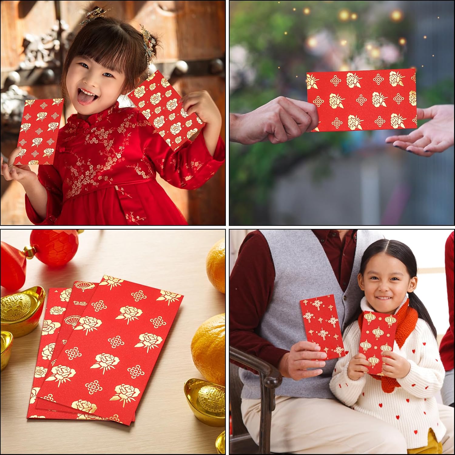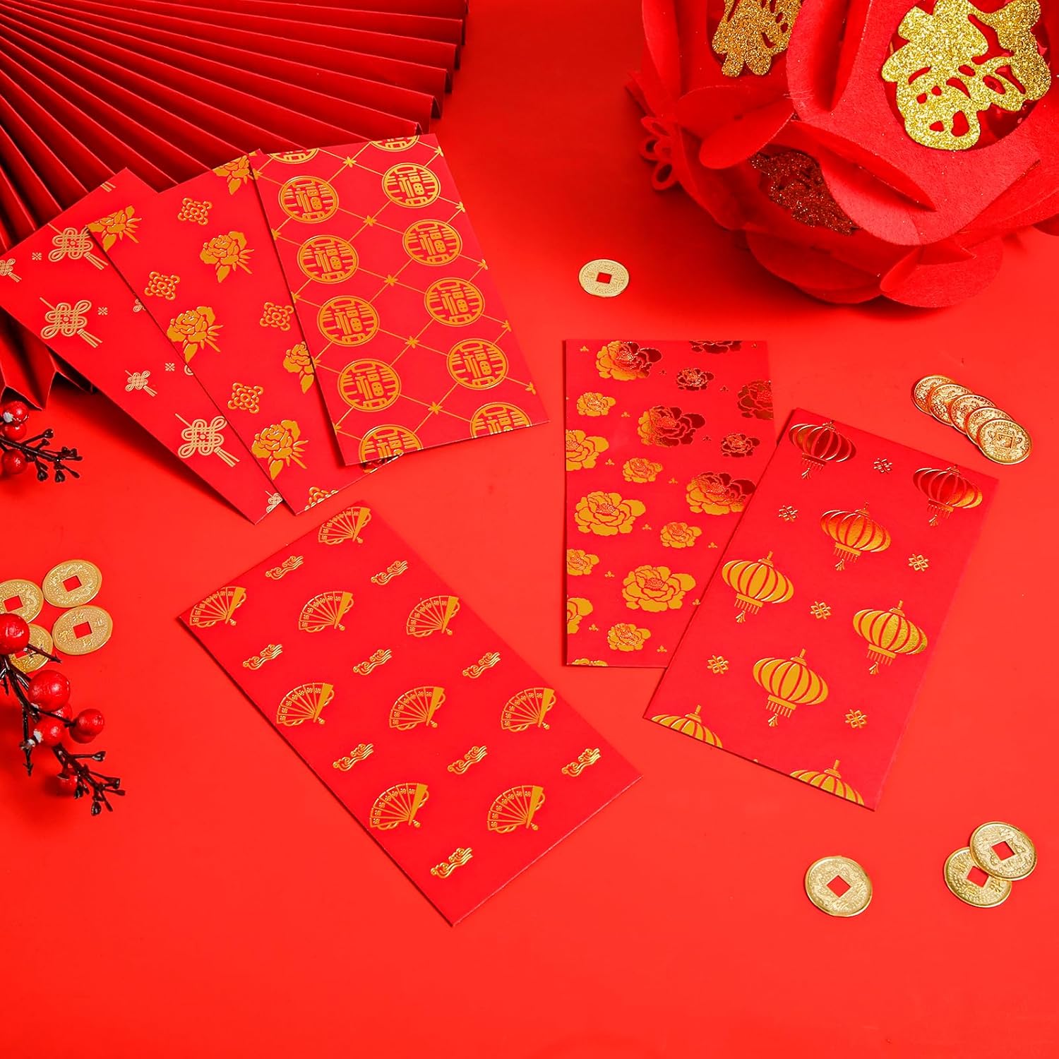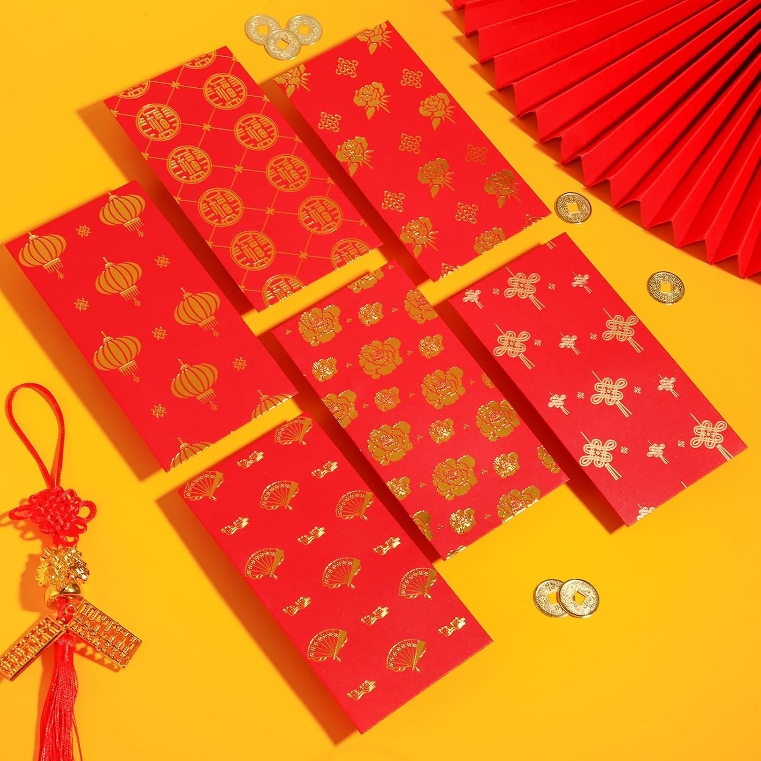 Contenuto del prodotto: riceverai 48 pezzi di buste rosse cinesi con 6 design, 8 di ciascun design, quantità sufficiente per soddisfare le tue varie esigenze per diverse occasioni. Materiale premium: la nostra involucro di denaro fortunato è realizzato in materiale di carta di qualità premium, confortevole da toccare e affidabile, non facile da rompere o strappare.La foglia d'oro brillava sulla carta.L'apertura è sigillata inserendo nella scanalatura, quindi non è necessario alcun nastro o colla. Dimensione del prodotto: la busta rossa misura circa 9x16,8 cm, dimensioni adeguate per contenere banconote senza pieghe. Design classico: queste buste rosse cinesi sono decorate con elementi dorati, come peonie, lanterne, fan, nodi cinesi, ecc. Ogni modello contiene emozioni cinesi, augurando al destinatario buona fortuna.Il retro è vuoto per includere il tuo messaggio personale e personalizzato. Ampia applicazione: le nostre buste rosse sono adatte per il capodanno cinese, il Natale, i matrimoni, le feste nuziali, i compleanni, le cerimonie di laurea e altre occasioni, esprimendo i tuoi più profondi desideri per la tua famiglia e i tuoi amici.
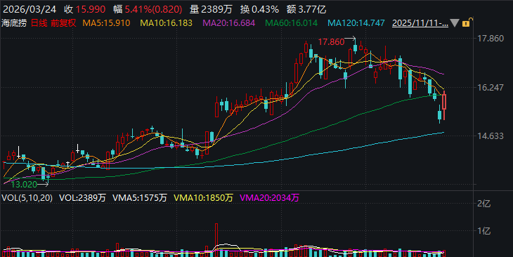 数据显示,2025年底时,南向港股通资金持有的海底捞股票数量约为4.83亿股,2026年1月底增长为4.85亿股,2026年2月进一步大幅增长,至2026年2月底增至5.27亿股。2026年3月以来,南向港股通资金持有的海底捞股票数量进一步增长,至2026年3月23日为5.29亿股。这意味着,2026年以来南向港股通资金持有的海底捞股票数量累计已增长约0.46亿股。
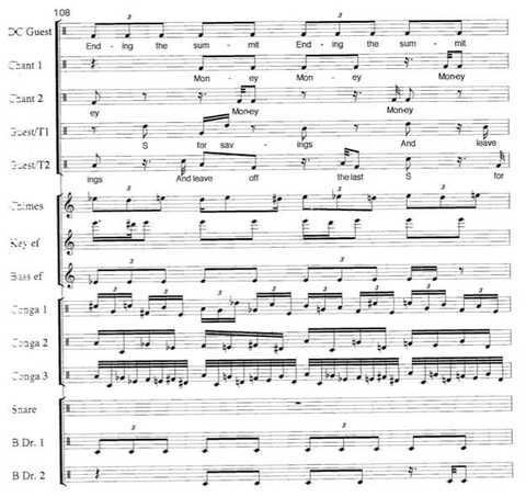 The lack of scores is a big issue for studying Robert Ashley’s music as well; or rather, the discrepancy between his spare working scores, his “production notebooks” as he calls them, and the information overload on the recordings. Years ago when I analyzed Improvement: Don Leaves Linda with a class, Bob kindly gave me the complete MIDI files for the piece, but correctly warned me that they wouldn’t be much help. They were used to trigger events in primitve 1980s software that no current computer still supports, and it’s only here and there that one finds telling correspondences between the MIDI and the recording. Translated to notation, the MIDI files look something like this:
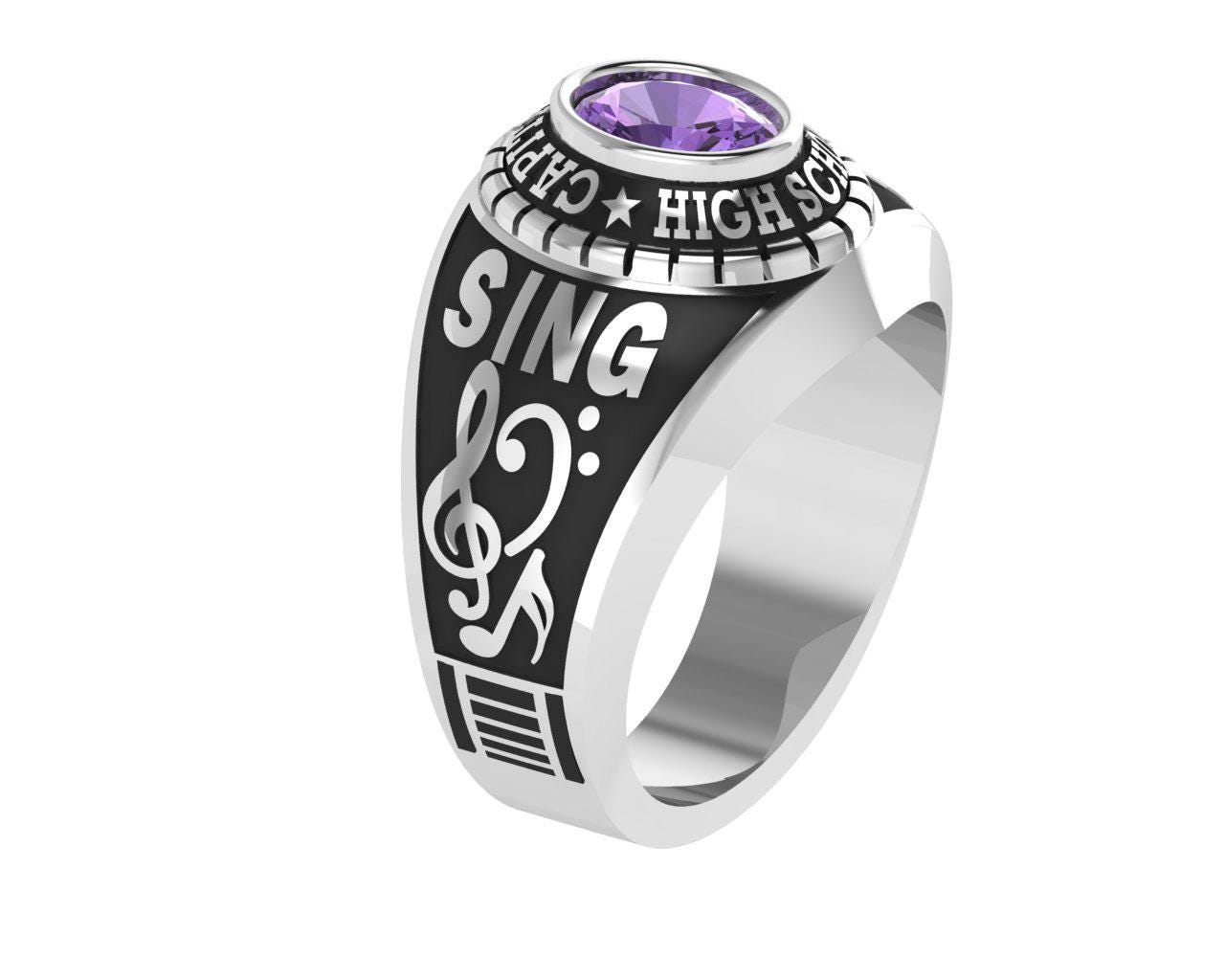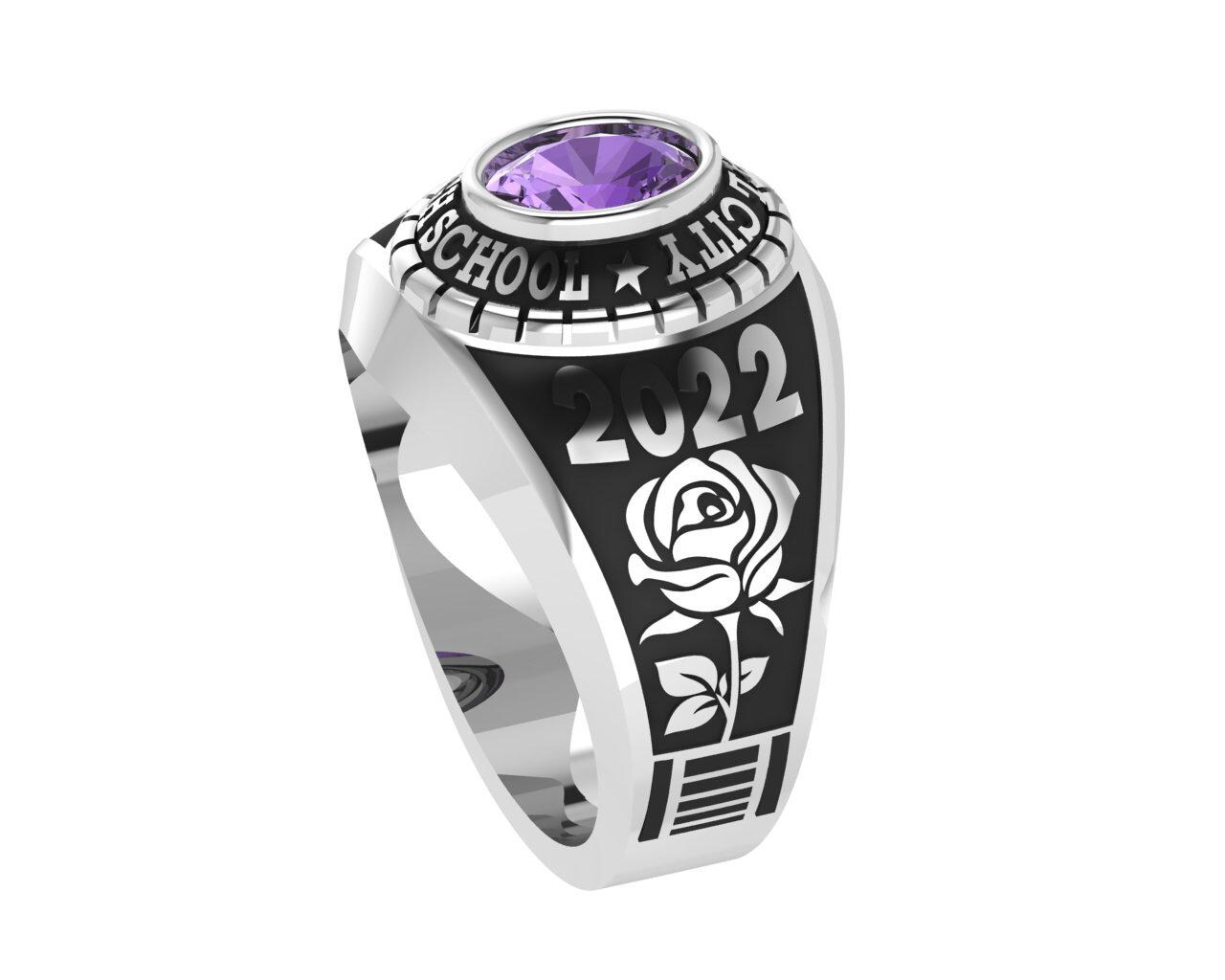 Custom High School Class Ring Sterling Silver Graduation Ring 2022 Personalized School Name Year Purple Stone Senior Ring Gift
::::
Write the listing above out again word for word, excluding all images.

• _FINISHED TASK_
 Contenuto del prodotto: riceverai 48 pezzi di buste rosse cinesi con 6 design, 8 di ciascun design, quantità sufficiente per soddisfare le tue varie esigenze per diverse occasioni. Materiale premium: la nostra involucro di denaro fortunato è realizzato in materiale di carta di qualità premium, confortevole da toccare e affidabile, non facile da rompere o strappare.La foglia d'oro brillava sulla carta.L'apertura è sigillata inserendo nella scanalatura, quindi non è necessario alcun nastro o colla. Dimensione del prodotto: la busta rossa misura circa 9x16,8 cm, dimensioni adeguate per contenere banconote senza pieghe. Design classico: queste buste rosse cinesi sono decorate con elementi dorati, come peonie, lanterne, fan, nodi cinesi, ecc. Ogni modello contiene emozioni cinesi, augurando al destinatario buona fortuna.Il retro è vuoto per includere il tuo messaggio personale e personalizzato. Ampia applicazione: le nostre buste rosse sono adatte per il capodanno cinese, il Natale, i matrimoni, le feste nuziali, i compleanni, le cerimonie di laurea e altre occasioni, esprimendo i tuoi più profondi desideri per la tua famiglia e i tuoi amici.
 数据显示,2025年底时,南向港股通资金持有的海底捞股票数量约为4.83亿股,2026年1月底增长为4.85亿股,2026年2月进一步大幅增长,至2026年2月底增至5.27亿股。2026年3月以来,南向港股通资金持有的海底捞股票数量进一步增长,至2026年3月23日为5.29亿股。这意味着,2026年以来南向港股通资金持有的海底捞股票数量累计已增长约0.46亿股。
 The lack of scores is a big issue for studying Robert Ashley’s music as well; or rather, the discrepancy between his spare working scores, his “production notebooks” as he calls them, and the information overload on the recordings. Years ago when I analyzed Improvement: Don Leaves Linda with a class, Bob kindly gave me the complete MIDI files for the piece, but correctly warned me that they wouldn’t be much help. They were used to trigger events in primitve 1980s software that no current computer still supports, and it’s only here and there that one finds telling correspondences between the MIDI and the recording. Translated to notation, the MIDI files look something like this:
 Custom High School Class Ring Sterling Silver Graduation Ring 2022 Personalized School Name Year Purple Stone Senior Ring Gift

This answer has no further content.